In this case, the exceptions do not show that there was any such mutual agreement between the creditors. The defense indicated by the most important ruling of the court appears to be based entirely upon the legal effect of the agreement between the plaintiff and defendant as indorsed upon the notes in suit. That agreement affects no other party. Its reference to the like settlement of other debts is merely in the nature of a condition attached to the plaintiff's promise to discharge the notes. It does not make it any the more binding. The defendant's undertaking, that he would not pay others more than the plaintiff, would not prevent others from enforcing their claims in full, and is not such a promise as would afford any consideration for the agreement of the plaintiff. It is neither a benefit to the plaintiff nor disadvantage to the defendant. So far as the exceptions show, the release of their claims by the other creditors had no connection with this agreement. The agreement itself shows no legal consideration to give it effect as a contract.

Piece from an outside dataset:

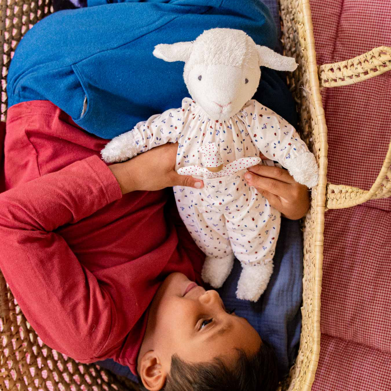 Ludwig Lamm und sein kleiner Freund sind ein farbenfrohes Power-Team. In seinem gemusterten Overall mit feinem Vogel- und Marienkäfer-Muster ist er schon ganz aufgeregt die Natur und andere Spielumgebungen deines Kindes kennenzulernen. Gemeinsam mit seinem kleinen Freund in fröhlichem roten Polkadot-Anzug und passendem Mützchen sind die beiden für jeden Spaß und jeden Streich bereit.

As we understand the exceptions, the court below ruled that the agreement indorsed upon the notes constituted of itself “a legal

and valid contract, binding on the plaintiff." This we think was clearly wrong; and for this cause the

Exceptions are sustained.

NOTE. For cases holding mutual subscriptions a sufficient consideration for each other, see Lathrop v. Knapp, 27 Wis. 214; Higert v. Indiana Asbury University, 53 Ind. 326; Christian College v. Hendley, 49 Cal. 347. Contra: Trustees v. Stewart, 1 N. Y. 581; First Pres. Ch. v. Cooper, 112 N. Y. 517; Cottage Street M. E. Ch. v. Kendall, 121 Mass. 528; University of Des Moines v. Livingstone, 57 Ia. 307.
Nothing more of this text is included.